Patrícia Melo is considered one of the most important voices in contemporary Brazilian literature. In her new novel ‘The City of Others’ (translated from Portuguese by Barbara Mesquita, Unionsverlag, 2024), she portrays homeless people in São Paolo who live in close proximity to the super-rich in their secluded residences.
In conversation with presenter Veronika Trubel, the author provides illuminating insights into a reality of life that is all too often overlooked and underestimated. For example, she debunks the prejudice that homeless people are lazy and don't work by pointing out the great distances these people have to walk every day, how much unpaid work they do every day - from cleaning to guarding car parks - and ultimately that they have to think anew every day about where they can spend the night and where they can get something to eat. Writing this book was particularly painful because these people are so overlooked - they only get attention when violence is perpetrated against them. It is never a free choice to live on the streets, because homeless people are ‘trapped in freedom’.
The issue of inequality in Brazil is very clear, the misery is everywhere and very visible. Her motivation was to understand the situation of the homeless in her country by writing about it. When asked about the differences between São Paolo and a major European city, she says that Brazil is almost like a continent of its own, so the problems are continental problems (22 million people live in São Paolo alone). The violence in Brazil is structural and people learn from an early age how to deal with violence and protect themselves from it.

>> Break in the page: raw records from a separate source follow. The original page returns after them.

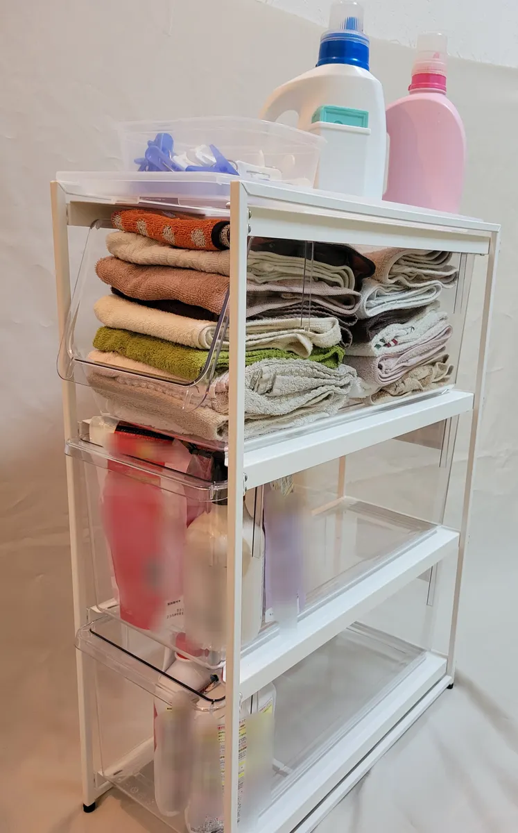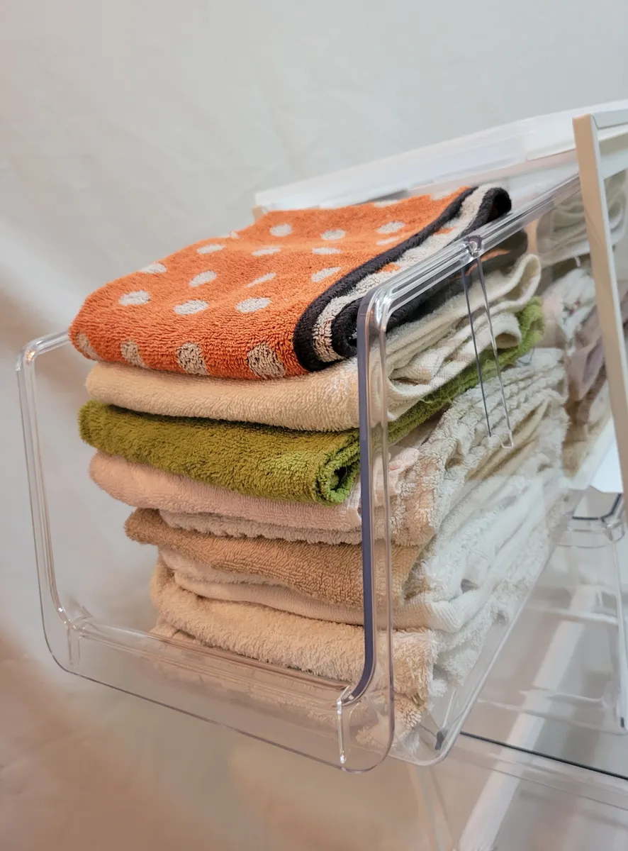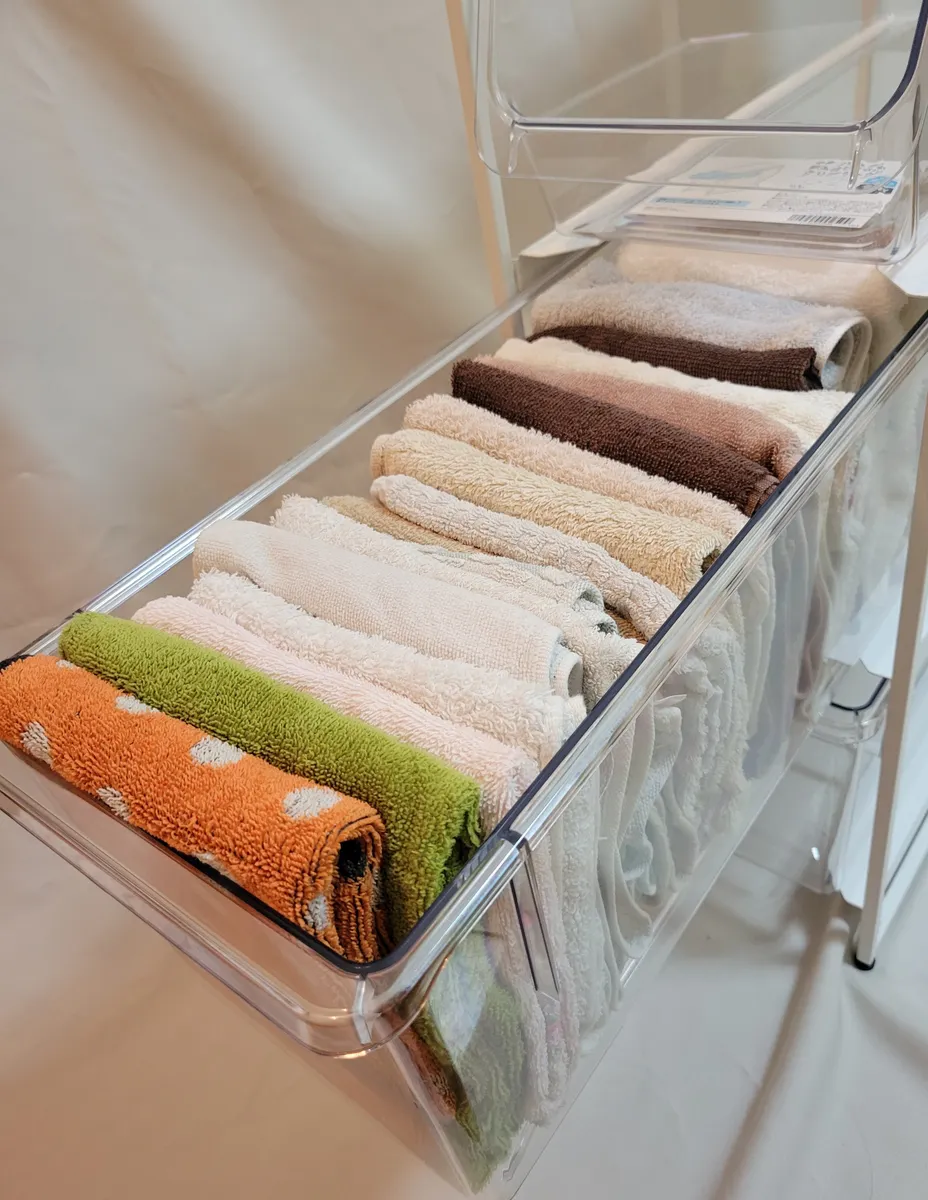 こちらの商品は、中身を「あえて見せる収納」で即見えるのが強みな商品なので、賞味期限の管理をしたい食品関係、使用頻度を均一にしたいタオル類、使用期限のある生活用品、などの収納にも良いなぁと思ったりしました🤗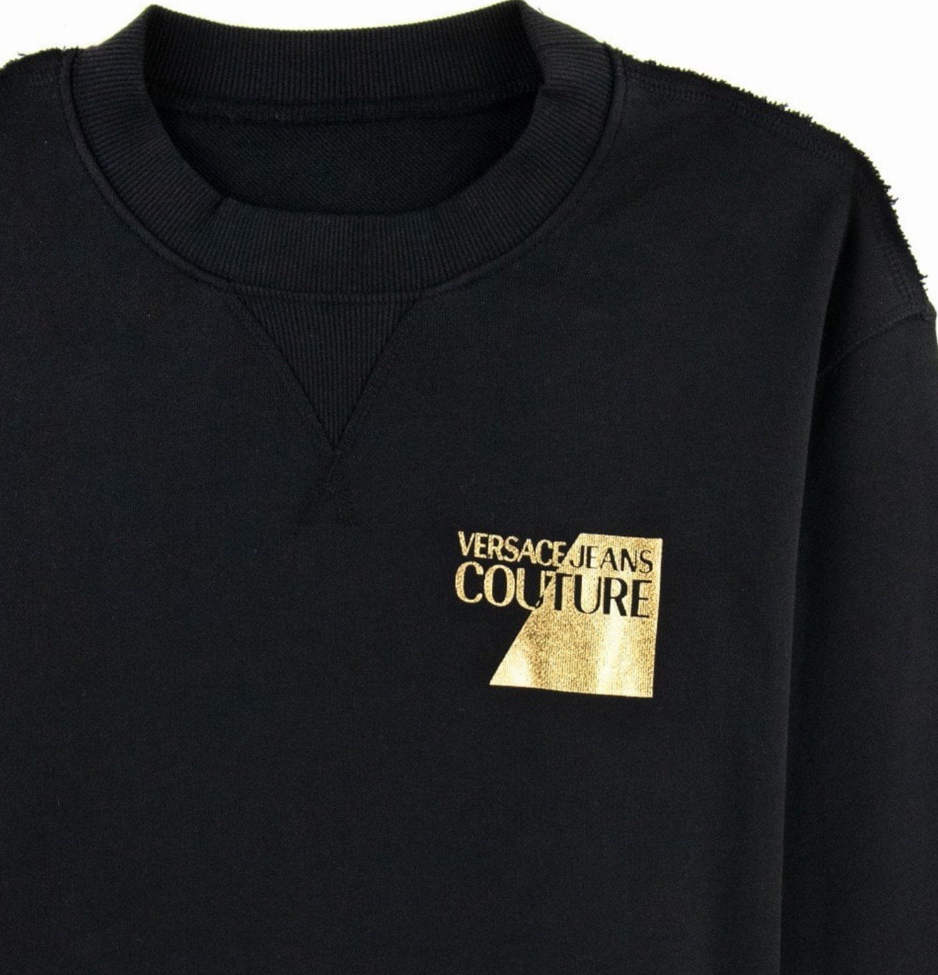 The Versace Jeans Couture Metallic Logo-Print Cotton Sweatshirt in black, Size M is a stylish pullover for men featuring a round neckline and long sleeves. Made from comfortable cotton material, this sweatshirt showcases the brand's logo accents, giving it a trendy and metallic touch. Perfect for the winter and spring seasons, this black sweatshirt is a versatile addition to any wardrobe, adding a touch of high-end fashion with its Versace Jeans Couture branding and design. This sweatshirt is a must-have for those looking for a classic and fashionable piece.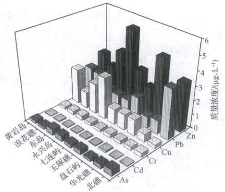 (2025 河南濮阳期末)海水中重金属超过一定质量浓度时会影响生物的生长发育和存活。某科研团队对我国南海中沙群岛的黄岩岛(位于南海航道要冲)和西沙群岛的永兴岛、七连屿、东岛、浪花礁、北礁、华光礁、盘石屿、玉琢礁等 9 个岛礁进行科学调查和采样,重点研究了重金属元素在礁区海水中的分布情况。下图示意调查海域各礁区重金属质量浓度。据此完成 9~10 题。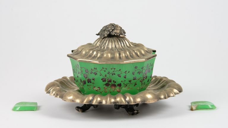 tipo di decoro – a rocaille e rametti fioriti – con la tesa dalla curvatura mistilinea esterna ripresa nel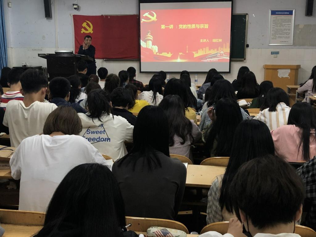 仪式后,党总支书记胡红林进行了第一讲—《党的性质与宗旨》。课堂上,胡书记向学员们深入阐明了党的性质和宗旨决定了中国共产党是一个伟大、光荣、正确的主义。接着,胡书记对中国特色社会主义进入新时代这一重要政治判断做了深入阐述,围绕新时代党的建设总要求,突出加强党的思想建设,以坚定理想信念宗旨为根基,以调动全党的积极性,主动性,创造性为着力点。作为新时代一名入党积极分子应以习近平新时代中国特色社会主义思想武装头脑,要充分认识入党积极分子培训的重要性,积极参加党内有关的活动,并经常向党组织汇报自己的思想工作情况。最后,胡书记强调五四运动以来中国青年起到某种先锋队的作用,中国梦将在一代一代青年的奋斗中实现。

After the haunting reading from the novel by actress Dörte Lyssewski and a musical interlude, the event continues with Zdravka Evtimova, who has travelled to Krems from Pernik, Bulgaria. Her books have been translated into numerous languages, most recently into German with the volume ‘Maulwurfsblut’ (translated from the Bulgarian by Andreas Tretner, Alexander Sitzmann and Elvira Bormann-Nassonowa; eta Verlag, 2024), which is the subject of this evening's programme.
They are strong, four-dimensional women, the author describes, and presenter Viktoria Trubel is also visibly enthusiastic about them. Where do these characters come from? The truth guides Evtimova's writing. These are stories that she reads off people's faces, so to speak. Sometimes she meets people on the street and sees so many stories in them. Then she sometimes invites them for coffee. Conversely, she is often invited for coffee by people who like her stories - ‘that's also a kind of literary criticism’.
Women in Bulgaria have never been subordinate, at most love would bind them to a man for a time. They have always taken matters into their own hands, as Zdravka Evtimova's lively anecdotes make abundantly clear. In a refreshingly laconic way, she talks about a special herbal concoction that is a tried and tested way for women in the region to take revenge on violent men. Her mother didn't want to give her money for a typewriter, but told her to go into the forest and collect rosehips so that she could earn money for a typewriter. The audience and the other guests on stage are also delighted by the author's laconic wit, whose anecdotes could probably be listened to for much longer.
All in all, it is a wonderfully diverse evening, characterised by extremely clever authors, stimulating and humorous conversations and atmospheric music. And a fitting last Elit Festival evening here in the Minorite Church in Krems.